Grossmann Ruth E, Zughaier Susu M, Kumari Meena, Seydafkan Shabnam, Lyles Robert H, Liu Shuling, Sueblinvong Viranuj, Schechter Michael S, Stecenko Arlene A, Ziegler Thomas R, Tangpricha Vin
Dermatoendocrinol. 2012 Apr 1;4(2):191-7. doi: 10.4161/derm.20332.
Vitamin D insufficiency is common in cystic fibrosis (CF) and vitamin D repletion may have an important role in improving clinical outcomes in CF. This randomized, placebo-controlled, pilot study examined the feasibility and impact of a single, large dose of cholecalciferol on vitamin D status and clinical outcomes in subjects with CF.
Thirty adults with were randomized in a double-blinded, pilot study to receive 250,000 IU cholecalciferol or placebo within 48 h of hospital admission for a pulmonary exacerbation. Concentrations of 25-hydroxyvitamin D (25(OH)D), clinical outcomes and potential adverse events were assessed up to one year after randomization. Mixed effects linear regression models were used to evaluate the difference in mean serum concentrations and log-rank analyses were used to evaluate survival.

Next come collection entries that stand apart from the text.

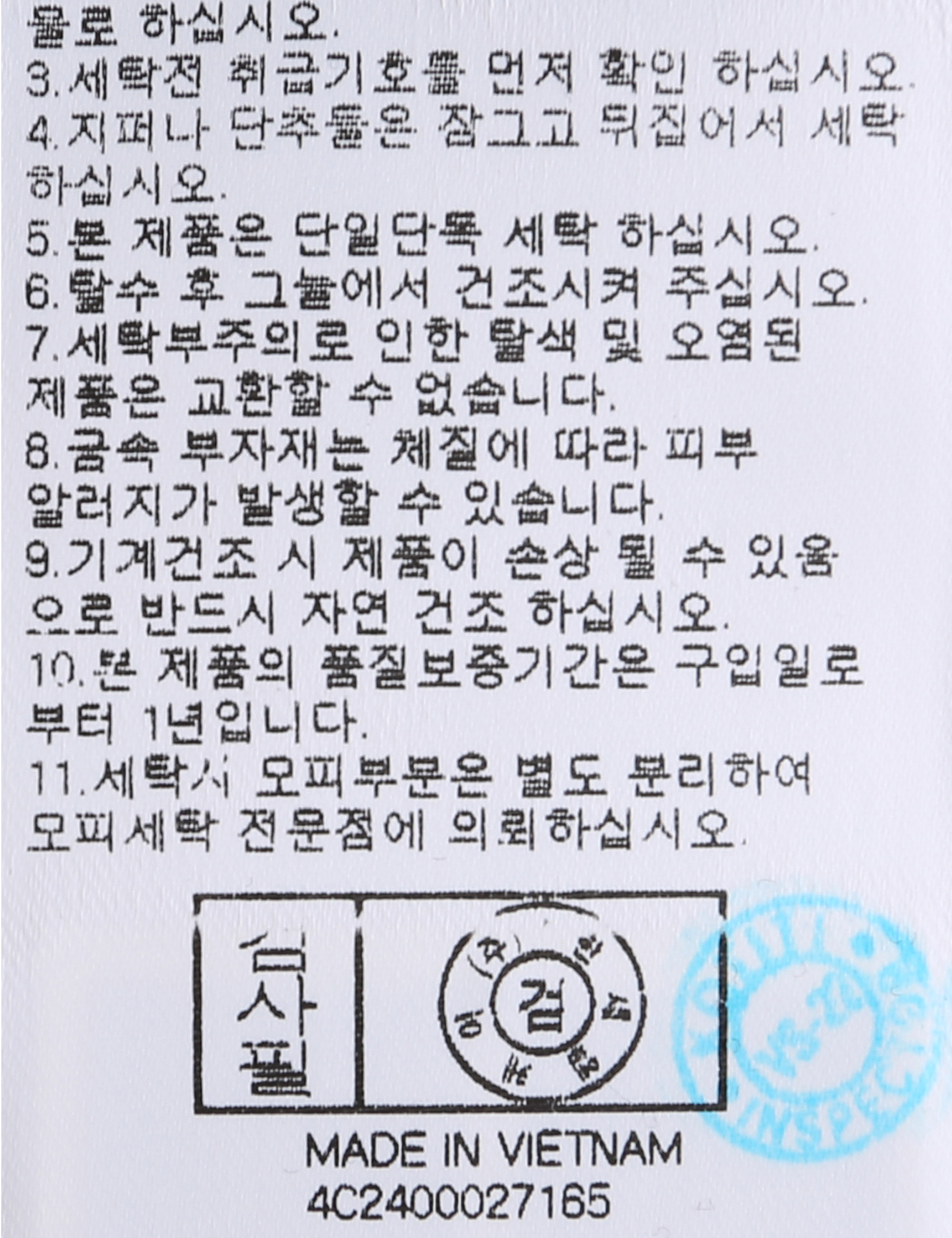 세탁방법 및 취급시 주의사항 본 제품은 손세탁 하십시오.(케어라벨참고)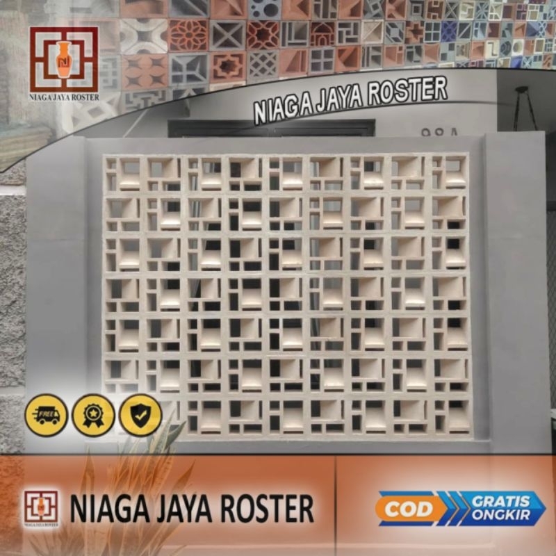 NIAGA JAYA ROSTER - Roster Beton Minimalis Ukuran 20x20cm, Loster Putih, Ventilasi Udara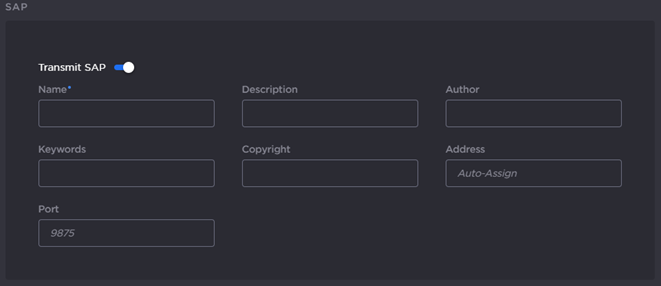 To configure SAP network announcements, toggle Transmit SAP on and fill in the SAP fields. For details, see Session Announcement Protocol (SAP).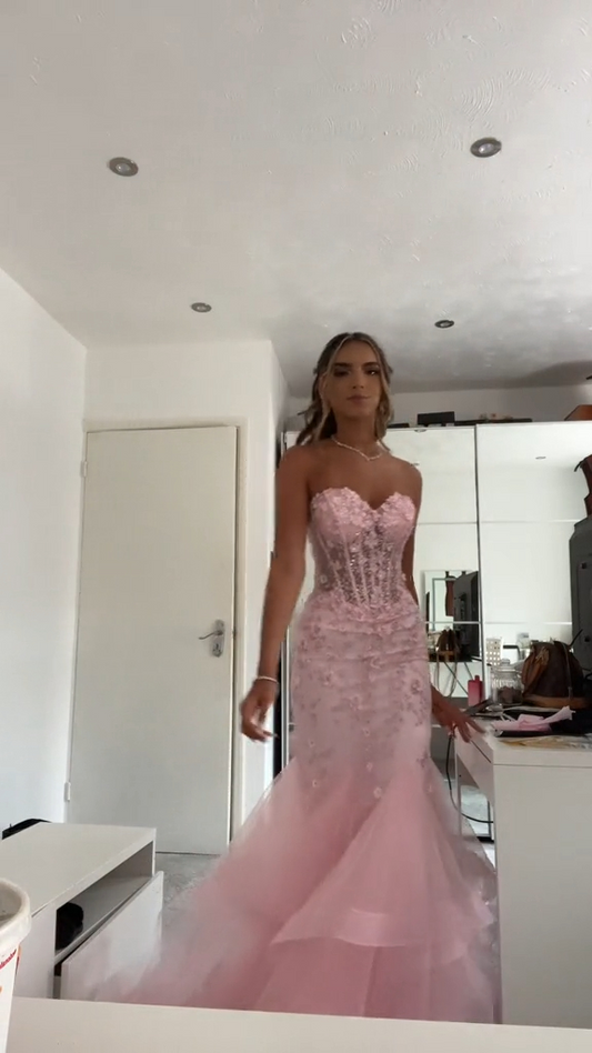 Lace Mermaid Dress Long Sweetheart Formal Evening Lace Up Back Party Dress fg7254

Data from all subjects was analyzed. Serum 25(OH)D concentrations increased from a mean of 30.6 ± 3.2 ng/mL to 58.1 ± 3.5 ng/mL (p < 0.001) at one week and 36.7 ± 2.6 ng/mL by 12 weeks (p = 0.06) in the vitamin D group; in contrast, serum 25(OH)D concentrations remained unchanged in the placebo group. Unadjusted, one-year survival and hospital-free days were increased in the vitamin D group (p = 0.029, p = 0.036; respectively). There was also a trend toward increased IV antibiotic therapy-free days in the vitamin D group (p = 0.073). There were no signs of hypervitaminosis D or adverse events. Serum PTH and calcium concentrations were similar across both groups.

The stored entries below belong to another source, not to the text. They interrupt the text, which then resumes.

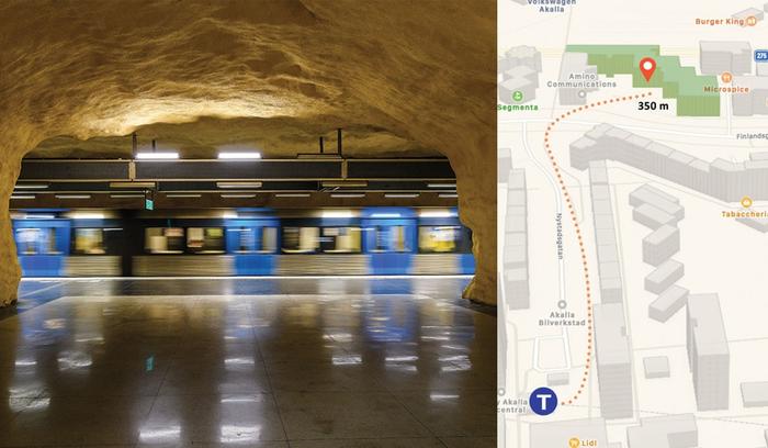 Kontoret ligger ca 350 meter från Akalla tunnelbanestation och det tar 20 minuter från T-Centralen. T-banan förlängs norrut till Barkarby station med tillgång till pendeltåg (2026) och till Nacka och Hagsätra söderut (2030).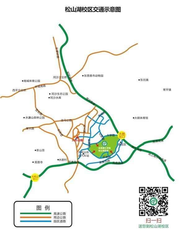 可乘【707路汽车——东坑车站(站外) 公交站,同站换乘309路汽车——松山湖理工体育中心(北门)】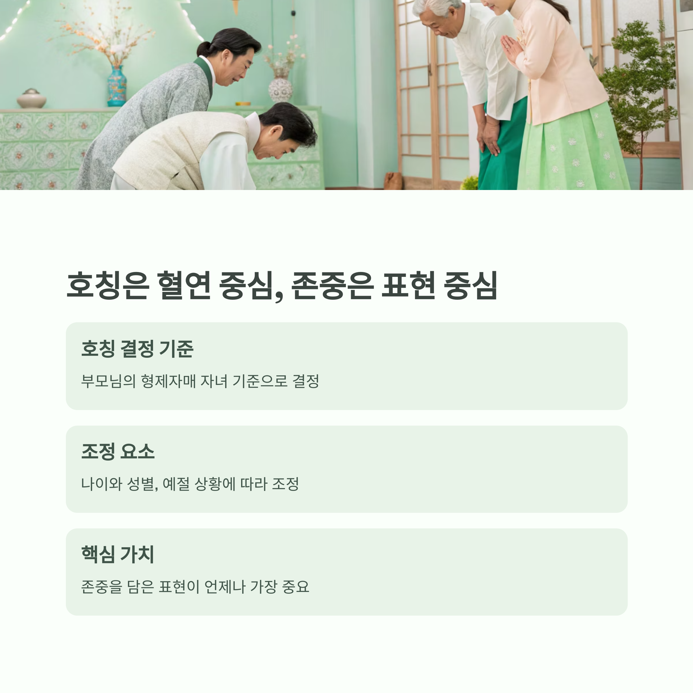 한 마디로 요약: 호칭은 혈연 중심, 존중은 표현 중심

In this pilot study, a single, oral bolus of cholecalciferol increased serum 25(OH)D concentrations and was associated with a trend toward improved clinical outcomes in CF subjects hospitalized for a pulmonary exacerbation. Further investigation is needed into the clinical impact of improved vitamin D status in patients with CF.

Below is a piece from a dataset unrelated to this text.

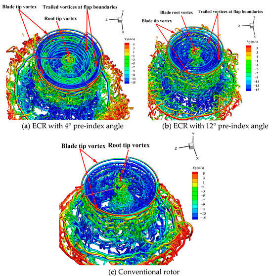 The wake flow field and disc-induced inflow distributions will significantly differ due to the difference in flap collective pitch trim variables. Figure 10 demonstrates the wake structure under different blade pre-index angles predicted by the LBM, compared with that of a conventional rotor. To further investigate the effect of different distributions of wake on the induced inflow distributions, the wake isosurface diagrams of the Q-criterion are colored with velocity in the y-direction. The wake flow field of the ECR, due to the introduction of the flap, is characterized not only by concentrated tip and root vortex but also by the trailed vortices at flap boundaries. Conversely, the wake flow field of the conventional rotor only demonstrates intense blade root and tip vortex. Moreover, at the blade pre-index angle of 4°, the relatively large flap upward deflection results in a more intense flap tip vortex compared to the situation with the blade pre-index angle of 12°.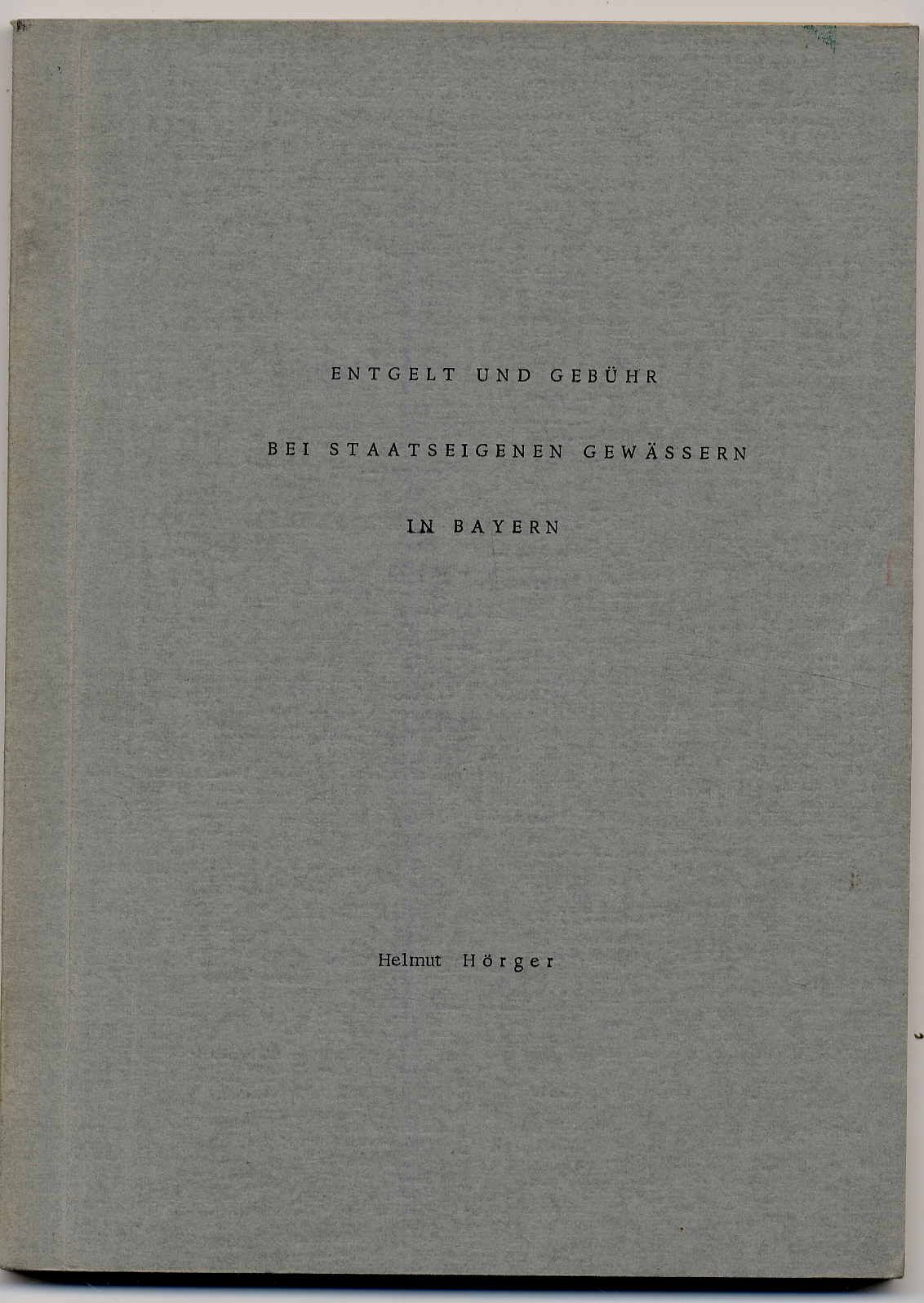 Hörger, Helmut: Entgelt und Gebühr bei staatseigenen Gewässern in Bayern. Dissertation. München, 1966. Ca. 21 x 15 cm. XVI S., 123 Seiten. Originalkartonierter Einband. Seiten papierbedingt leicht gebräunt. Aus dem Inhalt u.a.: Abgabenrecht; Das Recht der öffentlichen Sachen; Entgelt und Gebühr im geltenden Wasserrecht; Verfassungsrecht und Entgelt und Gebühr.

维生素D缺乏在囊性纤维化(CF)中很常见,补充维生素D可能在改善CF的临床结局中起重要作用。这项随机、安慰剂对照的试点研究,检验了单次大剂量胆钙化醇对CF患者维生素D状态和临床结局的可行性及影响。
30名成年CF患者在一项双盲试点研究中被随机分组,在因肺部加重住院48小时内接受250,000 IU胆钙化醇或安慰剂。在随机分组后长达一年的时间里,评估25-羟维生素D(25(OH)D)浓度、临床结局和潜在不良事件。使用混合效应线性回归模型评估平均血清浓度差异,使用对数秩分析评估生存率。
分析了所有受试者的数据。维生素D组血清25(OH)D浓度在1周时从平均30.6±3.2 ng/mL增至58.1±3.5 ng/mL(p<0.001),12周时为36.7±2.6 ng/mL(p=0.06);相比之下,安慰剂组血清25(OH)D浓度保持不变。未调整情况下,维生素D组1年生存率和无住院天数增加(分别为p=0.029,p=0.036)。维生素D组无静脉抗生素治疗天数也有增加趋势(p=0.073)。没有维生素D过多或不良事件的迹象。两组血清甲状旁腺激素和钙浓度相似。
在这项试点研究中,单次口服大剂量胆钙化醇可提高血清25(OH)D浓度,并与因肺部加重住院的CF患者临床结局改善趋势相关。需要进一步研究改善CF患者维生素D状态的临床影响。